Filter the data for lines with the word "salon", then copy every line so identified.

**Stored data:**
__________________________________________________

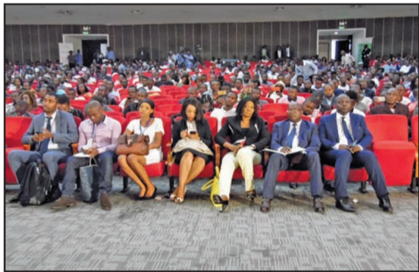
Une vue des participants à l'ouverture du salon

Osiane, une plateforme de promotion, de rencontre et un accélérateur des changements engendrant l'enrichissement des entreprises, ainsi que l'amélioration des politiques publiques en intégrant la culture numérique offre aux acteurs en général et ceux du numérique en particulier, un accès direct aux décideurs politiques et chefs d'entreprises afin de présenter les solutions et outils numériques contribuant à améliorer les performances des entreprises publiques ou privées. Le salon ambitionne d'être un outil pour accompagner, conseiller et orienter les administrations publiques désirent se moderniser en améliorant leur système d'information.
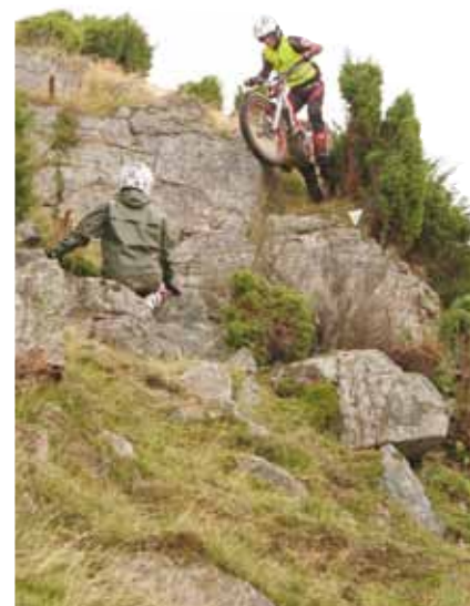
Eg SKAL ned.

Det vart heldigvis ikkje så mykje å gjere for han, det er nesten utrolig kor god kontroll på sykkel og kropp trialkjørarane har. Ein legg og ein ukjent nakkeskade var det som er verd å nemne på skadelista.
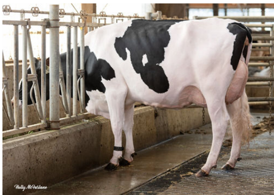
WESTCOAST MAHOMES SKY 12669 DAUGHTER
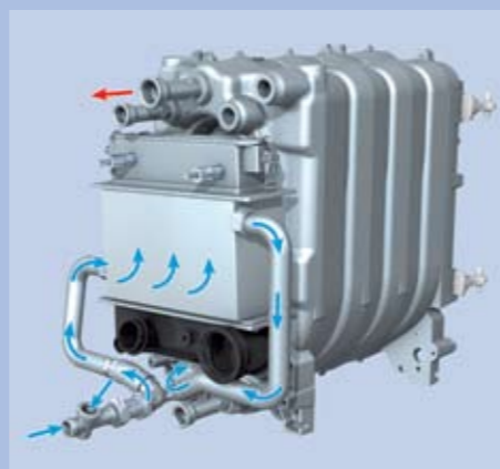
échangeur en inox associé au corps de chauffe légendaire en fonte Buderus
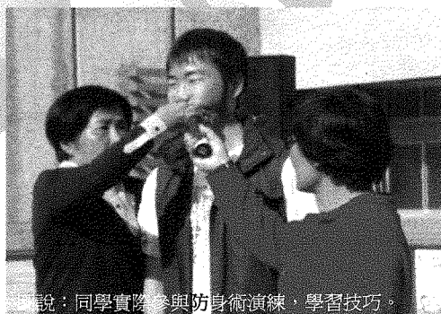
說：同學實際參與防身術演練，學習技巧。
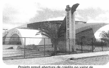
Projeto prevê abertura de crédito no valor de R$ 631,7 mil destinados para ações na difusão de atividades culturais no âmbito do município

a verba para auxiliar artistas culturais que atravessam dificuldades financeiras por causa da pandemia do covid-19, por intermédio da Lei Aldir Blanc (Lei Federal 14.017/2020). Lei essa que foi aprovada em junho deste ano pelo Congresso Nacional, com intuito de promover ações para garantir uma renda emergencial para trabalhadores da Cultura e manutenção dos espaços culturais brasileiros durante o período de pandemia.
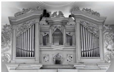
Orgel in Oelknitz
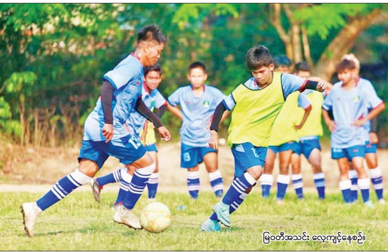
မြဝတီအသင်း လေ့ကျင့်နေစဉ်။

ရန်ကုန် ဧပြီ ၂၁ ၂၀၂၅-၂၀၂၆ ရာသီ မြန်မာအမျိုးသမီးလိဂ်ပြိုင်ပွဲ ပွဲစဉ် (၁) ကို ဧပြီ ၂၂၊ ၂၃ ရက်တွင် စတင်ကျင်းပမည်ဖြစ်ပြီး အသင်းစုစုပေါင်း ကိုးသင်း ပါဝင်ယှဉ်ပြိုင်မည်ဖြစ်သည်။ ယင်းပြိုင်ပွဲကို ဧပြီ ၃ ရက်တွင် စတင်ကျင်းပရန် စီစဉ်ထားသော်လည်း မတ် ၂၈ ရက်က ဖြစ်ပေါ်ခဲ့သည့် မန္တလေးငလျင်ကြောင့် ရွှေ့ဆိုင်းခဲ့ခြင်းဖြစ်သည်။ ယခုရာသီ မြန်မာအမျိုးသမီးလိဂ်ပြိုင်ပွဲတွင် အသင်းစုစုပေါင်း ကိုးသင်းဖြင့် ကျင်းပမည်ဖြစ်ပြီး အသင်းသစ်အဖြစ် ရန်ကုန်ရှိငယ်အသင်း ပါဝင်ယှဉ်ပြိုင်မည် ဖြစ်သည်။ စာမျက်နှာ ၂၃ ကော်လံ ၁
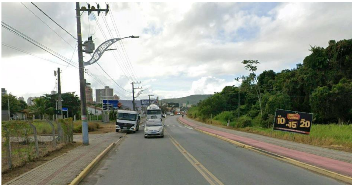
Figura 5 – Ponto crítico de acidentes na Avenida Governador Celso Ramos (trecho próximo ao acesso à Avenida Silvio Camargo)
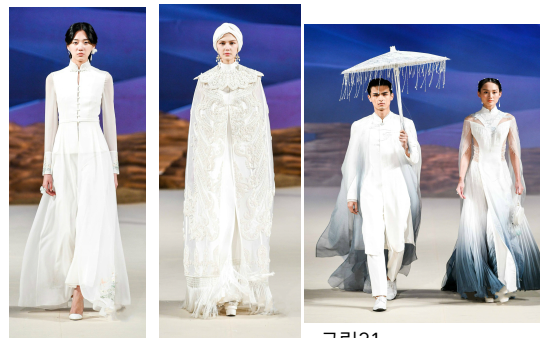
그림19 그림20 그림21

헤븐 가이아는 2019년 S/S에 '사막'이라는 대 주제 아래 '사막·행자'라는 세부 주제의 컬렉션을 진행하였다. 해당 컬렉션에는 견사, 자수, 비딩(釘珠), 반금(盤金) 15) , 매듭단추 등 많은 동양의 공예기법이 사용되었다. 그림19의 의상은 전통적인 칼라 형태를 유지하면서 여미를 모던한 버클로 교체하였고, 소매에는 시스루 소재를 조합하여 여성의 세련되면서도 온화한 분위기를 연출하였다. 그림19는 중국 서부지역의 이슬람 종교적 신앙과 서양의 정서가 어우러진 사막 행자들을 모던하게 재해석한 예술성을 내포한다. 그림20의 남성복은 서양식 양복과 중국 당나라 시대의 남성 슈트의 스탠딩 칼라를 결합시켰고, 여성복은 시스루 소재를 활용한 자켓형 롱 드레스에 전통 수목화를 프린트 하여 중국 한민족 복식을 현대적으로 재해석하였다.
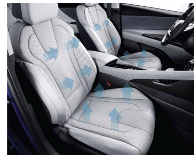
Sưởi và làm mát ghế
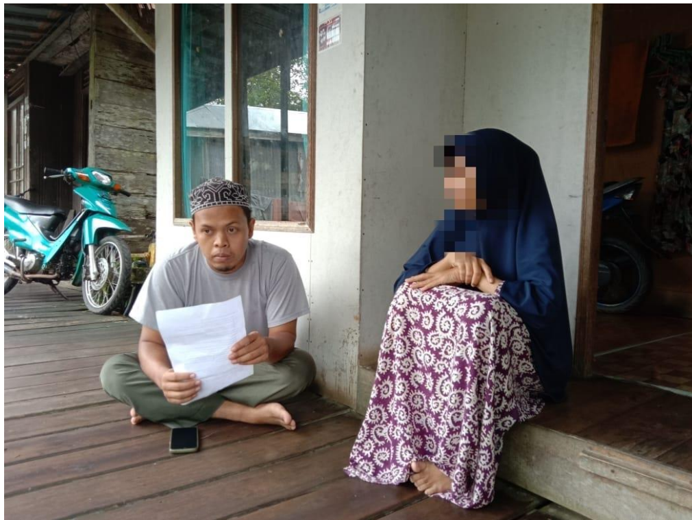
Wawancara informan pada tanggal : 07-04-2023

__________________________________________________

**Solution below:**
Une vue des participants à l'ouverture du salon
Osiane, une plateforme de promotion, de rencontre et un accélérateur des changements engendrant l'enrichissement des entreprises, ainsi que l'amélioration des politiques publiques en intégrant la culture numérique offre aux acteurs en général et ceux du numérique en particulier, un accès direct aux décideurs politiques et chefs d'entreprises afin de présenter les solutions et outils numériques contribuant à améliorer les performances des entreprises publiques ou privées. Le salon ambitionne d'être un outil pour accompagner, conseiller et orienter les administrations publiques désirent se moderniser en améliorant leur système d'information.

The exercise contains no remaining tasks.